Look below for the line that contains "Travel without limits", then copy it and each following line to the end of the records, minus any pictures.
(DATA RECORDS Opens)
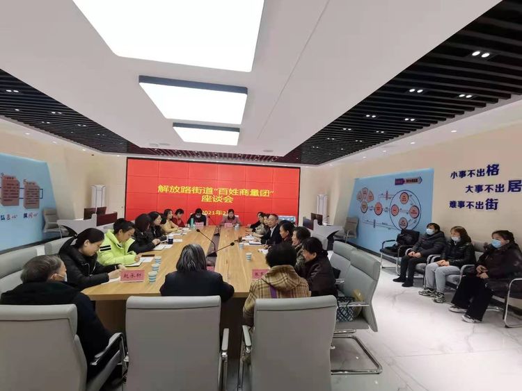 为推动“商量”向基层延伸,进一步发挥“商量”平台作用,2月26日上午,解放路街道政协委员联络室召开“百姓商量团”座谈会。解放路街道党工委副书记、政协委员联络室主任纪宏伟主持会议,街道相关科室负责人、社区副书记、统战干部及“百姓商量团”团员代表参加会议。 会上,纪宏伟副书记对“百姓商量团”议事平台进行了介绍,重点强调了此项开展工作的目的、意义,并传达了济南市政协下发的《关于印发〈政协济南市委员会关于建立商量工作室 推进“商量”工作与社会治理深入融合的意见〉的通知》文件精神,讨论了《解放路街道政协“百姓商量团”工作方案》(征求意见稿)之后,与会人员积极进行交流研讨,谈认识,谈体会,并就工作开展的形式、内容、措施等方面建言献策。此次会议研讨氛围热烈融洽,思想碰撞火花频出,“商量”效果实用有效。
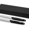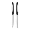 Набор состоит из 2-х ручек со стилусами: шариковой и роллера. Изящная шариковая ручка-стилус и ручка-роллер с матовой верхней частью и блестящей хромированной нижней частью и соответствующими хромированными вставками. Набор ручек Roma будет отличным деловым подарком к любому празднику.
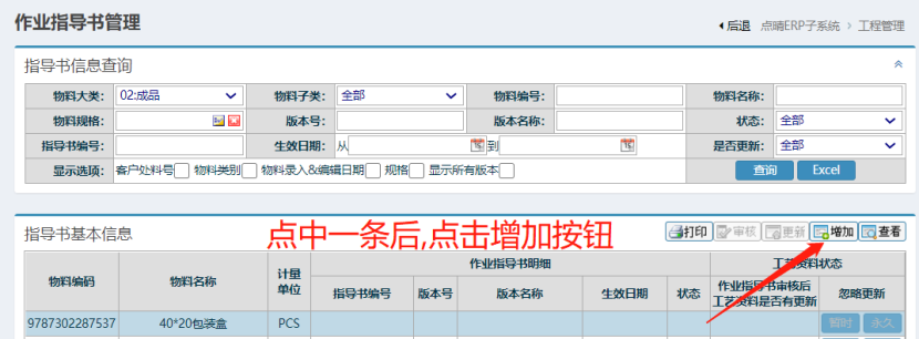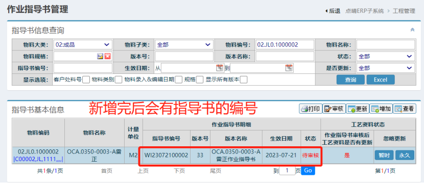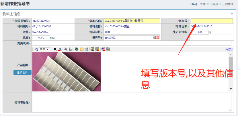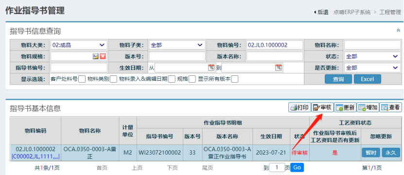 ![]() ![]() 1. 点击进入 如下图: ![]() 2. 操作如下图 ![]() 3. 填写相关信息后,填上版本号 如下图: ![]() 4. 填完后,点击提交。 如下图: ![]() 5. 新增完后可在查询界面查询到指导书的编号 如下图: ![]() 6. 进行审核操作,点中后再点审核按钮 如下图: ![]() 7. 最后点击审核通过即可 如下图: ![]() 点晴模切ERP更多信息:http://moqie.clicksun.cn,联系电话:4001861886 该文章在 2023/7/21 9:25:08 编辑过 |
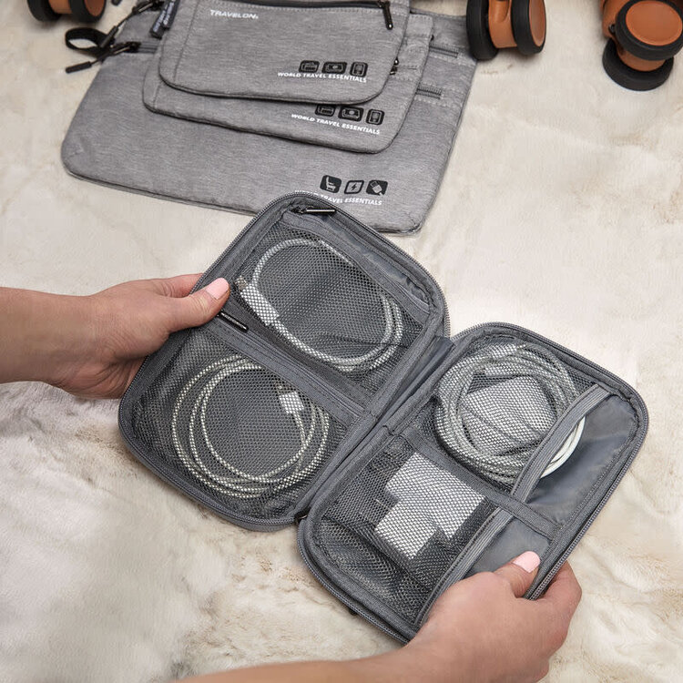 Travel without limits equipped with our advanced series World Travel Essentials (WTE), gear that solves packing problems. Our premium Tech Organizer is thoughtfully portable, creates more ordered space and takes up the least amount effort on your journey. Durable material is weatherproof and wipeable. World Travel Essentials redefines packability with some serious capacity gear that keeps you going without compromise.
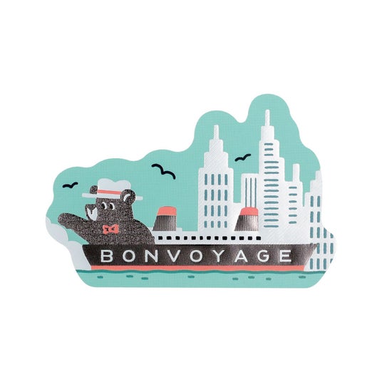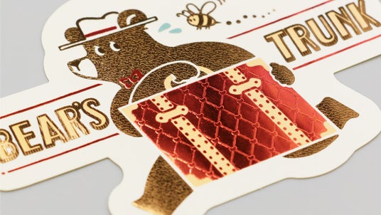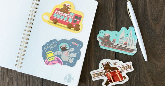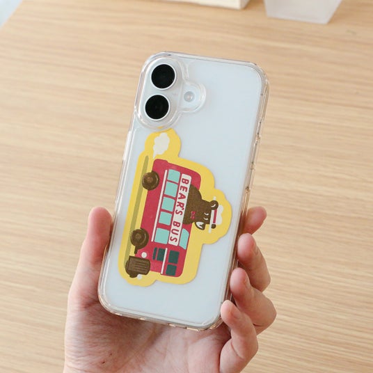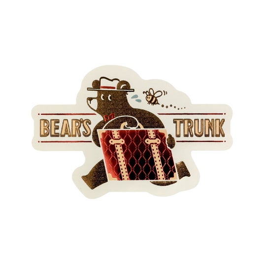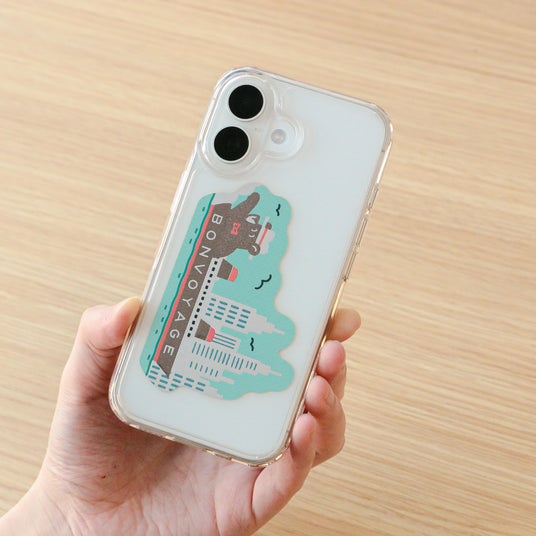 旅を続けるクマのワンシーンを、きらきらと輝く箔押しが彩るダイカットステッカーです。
(DATA RECORDS Closes)
▸ ANSWER:
 Travel without limits equipped with our advanced series World Travel Essentials (WTE), gear that solves packing problems. Our premium Tech Organizer is thoughtfully portable, creates more ordered space and takes up the least amount effort on your journey. Durable material is weatherproof and wipeable. World Travel Essentials redefines packability with some serious capacity gear that keeps you going without compromise.
 旅を続けるクマのワンシーンを、きらきらと輝く箔押しが彩るダイカットステッカーです。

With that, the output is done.